Much has been written about Shostakovich’s relationship with the Soviet State, and its influence on his music. When was he writing to please the politicians, when was he writing his ‘own’ music, what hidden codes did he use to subvert or hide messages in his music? There is clearly no straightforward answer to this. However, it is fair to say that the two works on offer today sit far apart on the spectrum of pleasing the authorities versus the ‘true’ Shostakovich, whatever that is. With both works hailing from the same year (1951), with consecutive opus numbers, they made intriguing companions in today’s programme.

The Ten Poems were clearly written to please the Union of Composers, and the Central Committee of the Soviet State, drawing on texts about the first failed 1905 Russian Revolution. They range from a sad lament for executed soldiers, through angry defiance at the Tsar and his actions, to praise for a righteous victory in defeat. The most immediately impressive aspect of the Latvian Radio Choir’s singing (and Sigvards Kļava’s direction) is the dynamic range they achieve. Many choirs can sing loud (although with just 24 singers, the maximum volume here was almost off the scale), but not many can maintain a warmth and depth of tone when doing so. Fewer choirs still can also sing very quietly, with intensity and again, retaining a beautiful sound at the same time. This was most striking in the tenor voices, ranging from an incredibly light, heady yet beautiful tone when singing quietly, right through to a powerfully fervent full-bodied fortissimo. Never did the singers sound forced when singing loudly, nor weak when quiet.

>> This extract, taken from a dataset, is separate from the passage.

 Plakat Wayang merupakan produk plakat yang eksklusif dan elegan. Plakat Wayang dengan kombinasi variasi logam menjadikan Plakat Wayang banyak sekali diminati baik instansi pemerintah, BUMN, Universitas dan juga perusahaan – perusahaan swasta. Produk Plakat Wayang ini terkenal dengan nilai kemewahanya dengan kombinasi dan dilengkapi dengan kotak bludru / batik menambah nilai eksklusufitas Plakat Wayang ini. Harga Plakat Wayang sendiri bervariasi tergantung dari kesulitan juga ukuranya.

So in the first of their selection, To the Executed, the basses enter alone, very quietly, soon joined by the tenors. The blend was perfect, with a rich, smooth sound, and the tenor line floated over the top at the close was sublime. The combined male voices declaiming passionately at the start of The 9th of January, the lusty, smooth altos at the beginning of The last salvos have sounded and the mammoth sound from the full voices in the bitterly celebratory They’ve won… – these are voices to be reckoned with. But the highlight was definitely the sad lament of The last salvos have sounded, a lullaby to the dead, with its impassioned “Spite” (sleep), finally echoed by those wonderful light, heady tenors. These propaganda pieces shouldn’t really work, but in Kļava and his expert choir’s hands, they were powerfully affecting.

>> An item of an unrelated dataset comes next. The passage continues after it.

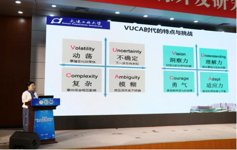 大連工業(yè)大學教授谷力群以《基于VR測評的大學生領(lǐng)導力提升策略》為題,從VUCA時代的特點與挑戰(zhàn)談起,引出包含3個維度、6個要素和21個指標在內(nèi)的大學生領(lǐng)導力潛質(zhì)3E模型,介紹了其在本校“眾行”項目實施方案中的實踐效果。接著,她重點介紹了以虛擬現(xiàn)實、行為考察+精準編碼、沉浸式體驗、新科技+大數(shù)據(jù)為代表的幾類大學生領(lǐng)導力測量工具,及新技術(shù)、新形勢驅(qū)動下的大學生領(lǐng)導力提升效果檢驗。

The Preludes and Fugues tend more towards Shostakovich’s compositions “for the desk drawer”, Shostakovich fully expecting they would at best find disapproval, at worst be banned. Sure enough, their frequent use of dissonance, at the same time as their use of fugue (perceived as too Western and backward-looking) led to significant criticism. Shostakovich includes references to Bach, but also ideas from his own work, and they stand out as one of the highlights of his solo piano repertoire. Melnikov selected the first four, and numbers 7 and 8. With the piano placed left of centre, the choir on the right, Melnikov had a low-key stage presence, and his playing was at all times thoughtful and calm, even in the technically demanding relentless Fugue of no. 3, for example.

The first Prelude was incredibly tender, even wistful, and the following Fugue, which never strays from C major, had a tremendous sense of calmness, with Melnikov bringing out the bell-like lines in the louder section with subtle surety. Melnikov brought out the darkness of the supposedly G major third Prelude, contrasted with its sprightly Fugue, and the folk-like theme of the fourth Fugue was smoothly lyrical. But it was in the comically grotesque eighth Prelude, so typically Shostakovich, followed by the lengthy angular and mysteriously wandering Fugue that his precise articulation was so captivating, even in its final descent to the depths of the keyboard. Ever gracious in sharing the stage and the final applause with the choir, this was a wonderfully understated performance.

Placing selections from these two such different works side by side serves to highlight the challenge of detecting Shostakovich’s true voice, if such a thing exists. But in performances as powerful and committed as these, perhaps this no longer matters.